Creating Incremental Strategic Value  |   |  POSTED BY: Tom McKaskill

We can easily overlook the level of demand pull when we are assessing strategic value. Just because a product has a patent, deep complexity and an obvious competitive advantage does not mean that it can fly by itself into the market. In fact, very few products have the ability to establish market leadership out of the box, most have to be supported with established distribution channels or complementary products.

I had two occasions recently to review products which had clear market leadership. Each solved a difficult problem in their sectors and each had reasonably strong competitive advantages. They both had impressive testimonials from major corporate customers and clearly delivered good value for money. Both said they had a long list of prospects and that the reports back from their prospects indicated sales in the future, however, their closure rates were relatively slow.

Sales closing rates and the length of the sales cycle are great indicators of pulling power. A product which meets a strong and compelling need has a high closure rate and relatively short sales cycles. Also these products typically have strong referral rates and usually good viral marketing. Products which have a significant competitive advantage and also meet a compelling need can often push their way into a market, opening up new revenue channels and quickly capturing market share for the acquiring corporation. I call these high growth potential products.
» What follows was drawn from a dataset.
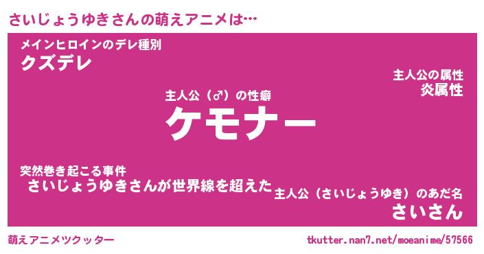 | 男性向けラノベタイトル風あだ名 | 『サイジョウユキアートオンライン』 |

Products which have significant competitive advantages but don’t satisfy the high compelling need test are low growth potential products. These products tend to struggle because clients and consumers put them lower down the list of need to have solutions. Perhaps, they fall into the category of ‘nice to have’ which explains why the conversion rates are so much lower.

As you prepare your company for exit and seek strategic value investments, you should focus on high growth potential products. The evidence which you need to produce for the strategic acquirer to show market traction and pulling power is usually easy to assemble and normally obvious.

However, there are opportunities for low growth potential products for a strategic sale but the technique for establishing strategic value is different. In the case of high growth potential products, market demand is established directly with the product itself. With low growth potential products, the market potential is established in relation to a set of existing products for which the new product provides complementary value.

We can see this situation occurring often in software applications where a new module can be sold back into an existing customer base and then add incremental value to new sales. However, the new product is not sufficiently strong to pull the other products into a new sale. In fact, this relationship accounted for much of the small software firm acquisitions throughout the 70’s and 80’s.

In the case of low growth potential products, we need to position them for sale into large existing customer bases where the selling effort is low and the customers are open to additional add-on products. The strategic buyer will pay a strategic premium because they can see an immediate short term method for recovering the acquisition cost.

High growth potential products which have the ability of driving new sales should be directed at the strategic acquirer which has the capability and capacity to launch the product into the market and support a rapid growth activity. High growth potential products can be sold back into existing customers but, importantly, they drive new sales.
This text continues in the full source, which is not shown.